Subscribe

The life and times of data

Not content to leave data where it lands, storage vendors are now talking about lifecycle data management - caring for data from swaddling clothes to ultimate demise.
By Jason Norwood-Young, Contributor
Johannesburg, 23 Oct 2003

Continually increasing storage capacity is a necessity. To not put too fine a point on it, any business that doesn`t need more storage is dead, because that`s the only time it will stop producing data.

This is why storage vendors have such large grins - business cannot survive without their gigabytes of disk platters, kilometres of tape and an ever-mounting pile of CD-ROMs.

"I think there are a number of drivers for storage growth - both business drivers and statutory drivers," says Dave Reddy, MD of Veritas SA. "The King report is demanding better record-keeping. The Enron disaster showed how paperwork can be lost and destroyed. Businesses are also starting to use more customer relationship management and business intelligence software - the more historical data that you have, the more trends you can see."

There is so much data out there, on so many storage devices, that most vendors have changed their focus from providing storage hardware to developing software and consulting services to manage it all.

If you`ve deployed different devices from different vendors across the hierarchy it`s difficult - you end up with three or four sets of management tools that don`t mesh.

Fanie van Rensburg, MD, Shoden

Take EMC, for example. This steadfast supplier of high-end storage solutions spent 70% of its $1 billion R&D budget not on creating faster backplanes and bigger drive capacities, but on software.

"Software is the strategic direction of the company," says EMC country manager Frank Touwen, whose company recently bought software house Legato for $1.7 billion. It also signed up BMC as a partner and bought BMC`s storage management software, and even patched up relations with Veritas earlier this year after an 18-month fall-out sparked by EMC`s attack on Veritas` storage software revenue.

The press has speculated that EMC`s aggressive foray into the softer side of storage is a nefarious ploy to buy a bigger customer base, and sell more hardware to those running EMC`s management software. EMC counters that software and services are a revenue stream all on their own, and hopes to get 30% of its income from software and services in the short-term, and 50% in the long-term.

Boxes look the same

This drive to storage software by EMC and many of its competitors is motivated primarily by the rapid commoditisation of storage hardware.
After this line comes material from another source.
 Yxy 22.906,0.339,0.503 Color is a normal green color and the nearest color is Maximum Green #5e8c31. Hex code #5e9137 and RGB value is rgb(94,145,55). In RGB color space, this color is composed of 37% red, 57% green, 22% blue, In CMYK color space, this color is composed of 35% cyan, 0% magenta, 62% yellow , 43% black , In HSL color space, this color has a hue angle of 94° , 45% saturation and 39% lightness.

<B>Case study: Kumba Resources</B>

Problem: Consolidating storage resources, while migrating from a Novell to Microsoft environment.
Solution: Network-attached storage (NAS) for the smaller sites, and a storage area network with NAS components at its Grootegeluk coal mine in Ellisras.
Solution providers: Datacentrix, HP, Microsoft
Cost: R1.5 million
Kumba selected HP StorageWorks NAS B3000 as a central repository for all production.
"At this stage the smaller sites, including our Thabazimbi and Rosh Pinah mines, have been rolled out, with the larger sites such as Grootgeluk, Empangeni and the Kumba head office in Pretoria undergoing implementations," says Chris Smith, senior technical architect at Kumba.
An HP SuperDLT tape library has also been installed at the Kumba head office, with the company improving backup times from a full night to four hours.

"There is still a significant amount of differentiation on hardware," says Fanie van Rensburg, MD of Shoden, Hitachi`s local distributor and reseller. "Hardware is fairly standardised but there still is performance and reliability differentiation between the competitors.
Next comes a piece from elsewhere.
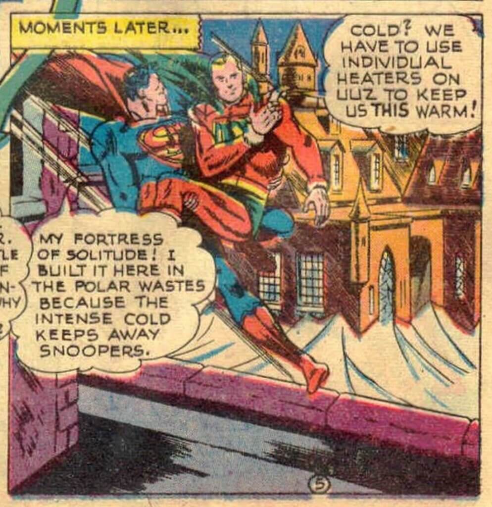 You know what else happened in the summer of 1949? Superman debuted a new base in issue #58. “My Fortress of Solitude!,” he proclaims. “I built it here in the polar wastes because the intense cold keeps away snoopers.” At least the Superman creative team waited until Doc Savage was over before they swiped it.

"But storage is becoming more and more of a commodity. The question soon will not be about hardware differentiation, but about what value you can bring to an organisation. Advantage will be created by understanding your customers` requirements and reacting with agility to those requirements. We will need to bring value-add to an organisation when supplying commodity storage."
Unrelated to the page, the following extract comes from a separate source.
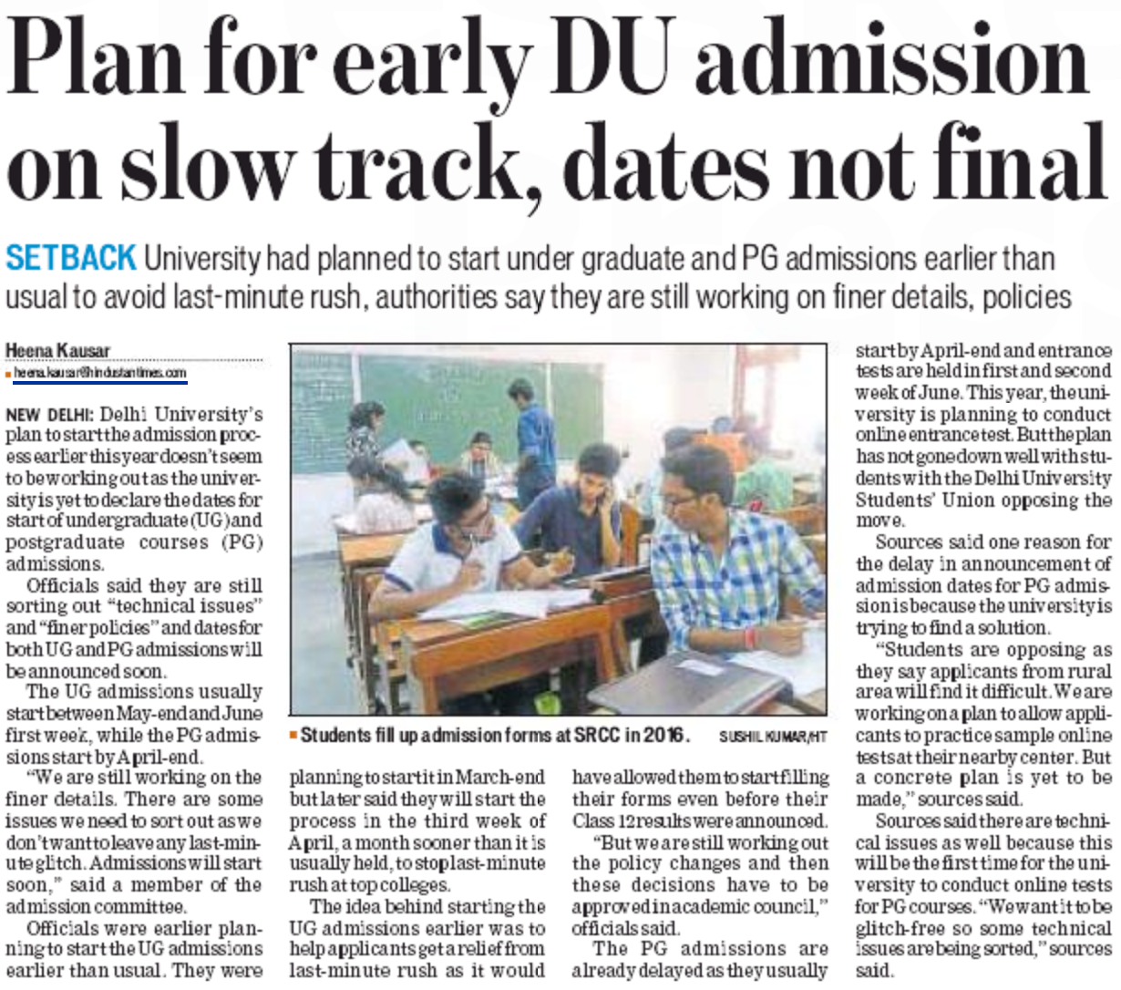 DU admission dates not final yet, plan for early process on slow track | Hindustan Times

The ubiquitous open-standards demands from customers are generally to blame for turning enterprise storage into a commodity. Today, the management consoles, fibre channel switches and storage subsystems aren`t the vendor-locked proprietary beasts of yesteryear, which means heterogeneous systems - which have been a reality for some time - are now practical.

The cost of storage in terms of hardware and software management is huge; 70% of storage total cost of ownership is ongoing management.

Tim Knowles, CEO, Stortech

Fortunately for storage vendors - and unfortunately for customers - storage has been slow to standardise (the famous case of the delayed fibre channel switch standards put storage area networks back a good year), but the process is picking up pace.

"I don`t think standardisation will happen very quickly, but it will happen eventually," says Van Rensburg. "Storage is viewed by vendors more and more as a commodity. That`s why some of the vendors are trying to lock-in customers on their management software. At the end of the day, that cannot be healthy for the industry."

Singing in tune

While the industry is slow on agreeing on standards, it is fast on picking up the Next Big Thing. The vendors are singing a single tune in chorus: that of lifecycle data management, a.k.a. information lifecycle management.

"In every environment, you don`t have information residing in the most cost-effective place. Anything from 30% to 70% of information is in the wrong place, and could be moved to a more cost-effective platform," explains Tim Knowles, CEO of Stortech.

Stortech`s Leon Leibach continues: "The first step is to identify the value of the data as a business driver, so that we can assist customers to find the most cost-effective way to store that data. For example, e-mail can sit on a slower medium [such as ATA drives], freeing up high-end storage for business-critical applications. Information lifecycle management is all about classifying what is important to the customer, and what needs high availability."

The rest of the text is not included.